To illustrate, let’s say we have a pizza. We can divide it into four pieces and only eat one piece at a time, saving about three quarters. That’s the patch-based inference method, says Han. “But that wasn’t free lunch.” Like the photoreceptors in the human eye, they can only capture and examine part of an image at a time; This receptive field is a section of the entire image or field of vision. As these receptive fields (or pizza slices in this analogy) increase in size, the overlap increases, which amounts to a redundant computation, which the researchers found at around 10 percent.
The researchers also suggested redistributing the neural network across the blocks in parallel to the patch-based inference method, without losing the precision of the vision system. The question remained, however, which blocks need the patch-based inference method and which blocks could use the original layer-by-layer along with redistribution decisions; adjusting all of these buttons manually was labor intensive and best left to the AI.

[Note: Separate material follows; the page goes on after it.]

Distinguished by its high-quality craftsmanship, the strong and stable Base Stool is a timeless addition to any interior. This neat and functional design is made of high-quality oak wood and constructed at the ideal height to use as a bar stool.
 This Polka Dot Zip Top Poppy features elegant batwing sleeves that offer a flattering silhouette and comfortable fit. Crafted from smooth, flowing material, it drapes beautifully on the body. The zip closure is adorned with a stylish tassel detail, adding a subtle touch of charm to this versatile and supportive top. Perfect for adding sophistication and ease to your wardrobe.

We want to automate this process by performing a joint automated optimization search that includes the architecture of the neural network, the number of layers, the number of channels, the kernel size and the inference program including patches, the number of layers for patch-based inference and other optimization buttons, says Lin,” so non-mechanical learning experts can have a push-button solution to improve computational efficiency but also improve engineering productivity to be able to implement this neural network in microcontrollers.

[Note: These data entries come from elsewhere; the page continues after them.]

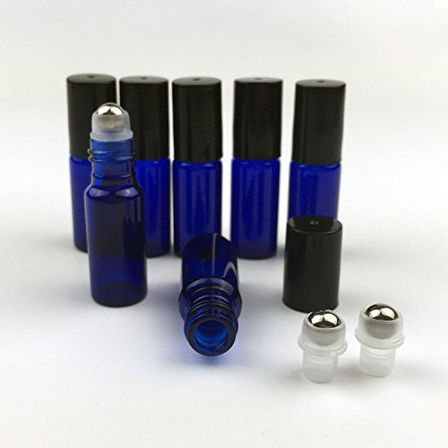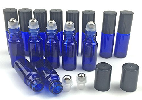 5ml Glass Roller Bottles-Set of 15 Roll Bottle With Metal Ball for Essential Oil,SYY8482; Aromatherapy,Perfumes and Lip Balms (Blue)
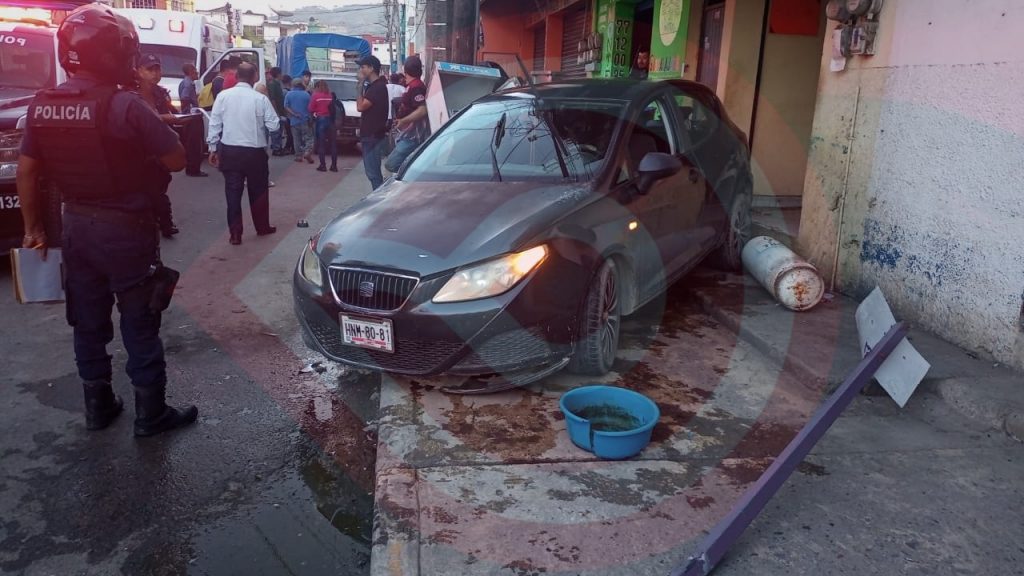Derivado al brutal encontronazo, dos de las unidades motoras, terminaron impactadas contra dos locales comerciales y causaron daños a un puesto de tacos, así como una caseta telefónica pública.
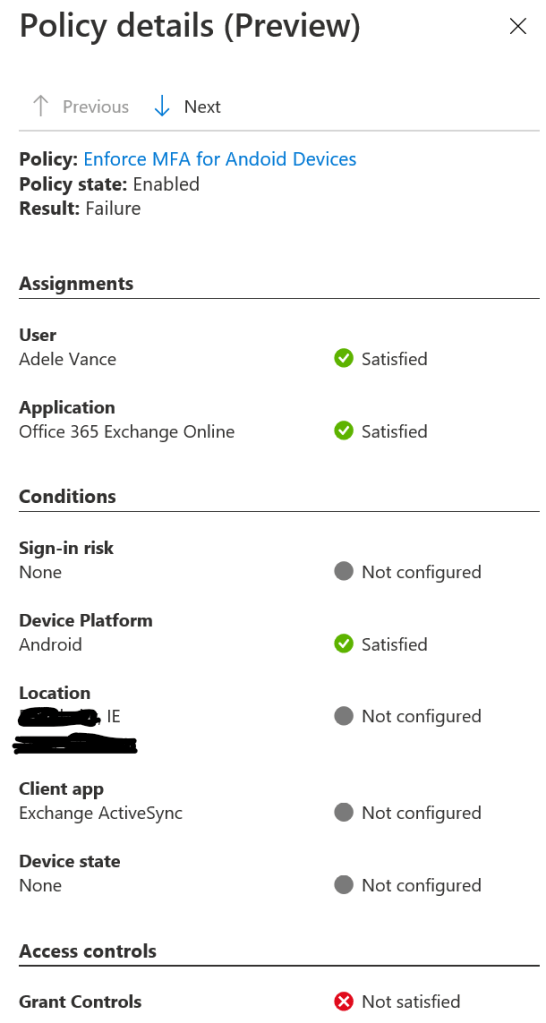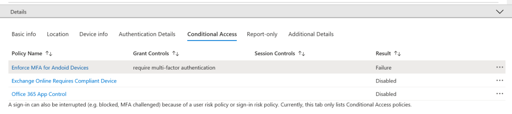 Here we can see step by step exactly what happened with our Conditional Access policy. We see the criteria applied in the policy and the results of each step. This feature adds to the already brilliant Azure AD Sign-In logs experience and will save admins a lot of time troubleshooting and testing Conditional Access Policies.
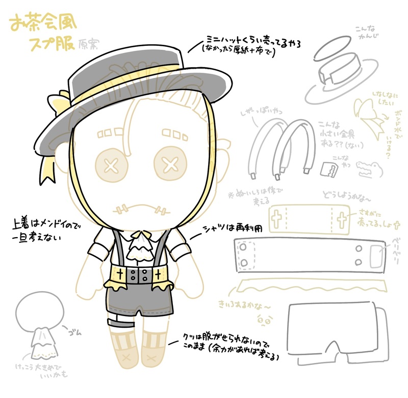 いつの日かに描いた自分用のぬい服メモ(,,⊕︿⊗,,)支部に入れるわけにもいかないしいつまでもフォルダで寝かせておくの可哀想なので供養
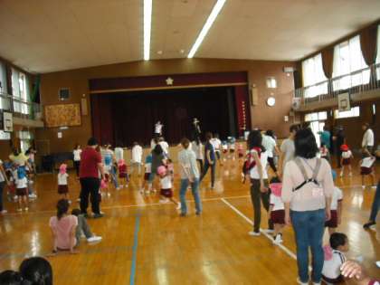 本日、玉出小学校の講堂(体育館)でお昼の時間帯(12時25分〜13時30分)に親子健康体操が行われました。小学校の大きな体育館で幼稚園の子どもたちと保護者の方が親子のふれあいを大切にすることをねらいに家庭でもできるスキンシップをインストラクターの先生からたくさん教わっていました。来年度、玉出小学校に入学する予定の子、保護者の方も来ていたかな?

A new horizon for tiny vision systems
The design code for the network architecture with neural network search optimization and inference programming provided significant advantages and was adopted in MCUNetV2; Outperformed other image processing systems in terms of maximum memory usage and image and object recognition and classification. The MCUNetV2 device contains a small screen, camera, and is roughly the size of a headphone case. Compared to the first version, the new version required four times less memory for the same precision, says Chen. When placed face to face with other tinyML solutions, MCUNetV2 was able to detect the presence of objects in picture frames, such as faces, people, with an improvement of almost 17 percent.

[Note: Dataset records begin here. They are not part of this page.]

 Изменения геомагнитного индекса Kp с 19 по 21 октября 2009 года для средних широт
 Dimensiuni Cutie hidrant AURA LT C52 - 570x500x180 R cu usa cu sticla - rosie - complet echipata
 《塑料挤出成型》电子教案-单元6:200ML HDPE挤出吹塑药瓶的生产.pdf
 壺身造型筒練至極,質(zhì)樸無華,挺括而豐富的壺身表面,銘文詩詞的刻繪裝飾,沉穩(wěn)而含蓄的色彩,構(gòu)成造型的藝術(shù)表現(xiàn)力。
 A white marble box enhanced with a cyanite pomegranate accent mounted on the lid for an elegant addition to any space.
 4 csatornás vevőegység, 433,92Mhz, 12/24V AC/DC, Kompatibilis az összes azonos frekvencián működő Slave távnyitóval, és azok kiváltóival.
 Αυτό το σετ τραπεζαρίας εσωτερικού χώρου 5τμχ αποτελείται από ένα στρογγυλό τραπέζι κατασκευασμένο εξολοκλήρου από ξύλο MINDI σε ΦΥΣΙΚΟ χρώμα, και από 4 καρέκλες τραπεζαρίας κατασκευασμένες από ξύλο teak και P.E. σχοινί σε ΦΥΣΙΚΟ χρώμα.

Additionally, it set an accuracy record of nearly 72% for a thousand class image classification on the ImageNet dataset, using 465 KB of memory. The researchers tested for what’s known as visual wake words, how well their MCU vision model could identify the presence of a person in an image, and even with a limited memory of just 30KB, achieves over 90% accuracy, beating the previous advanced method. This means that the method is quite precise and could be implemented to help, for example, smarthome applications.
With the high precision and the low energy consumption and the low costs, the performance of MCUNetV2 opens up new IoT applications. Because of their limited memory, Han says, vision systems in IoT devices were previously only considered good for basic image classification tasks, but their work has helped expand the possibilities for using TinyML. Additionally, the research team envisions it in a wide variety of areas, from monitoring sleep and joint movement in the healthcare industry, to exercise training and movements like a golf swing, to plant identification in agriculture and smarter manufacturing. , from the identification of screws and nuts to the detection of defective machines.
We really tried to make these large-scale, real-world applications a reality, says Han. “Without GPUs or special hardware, our technology is so small that it can run on these cheap little IoT devices and run real world applications like these: visual trigger words, face mask recognition, and person recognition. This opens the door to a new way of realizing small artificial intelligence and mobile vision.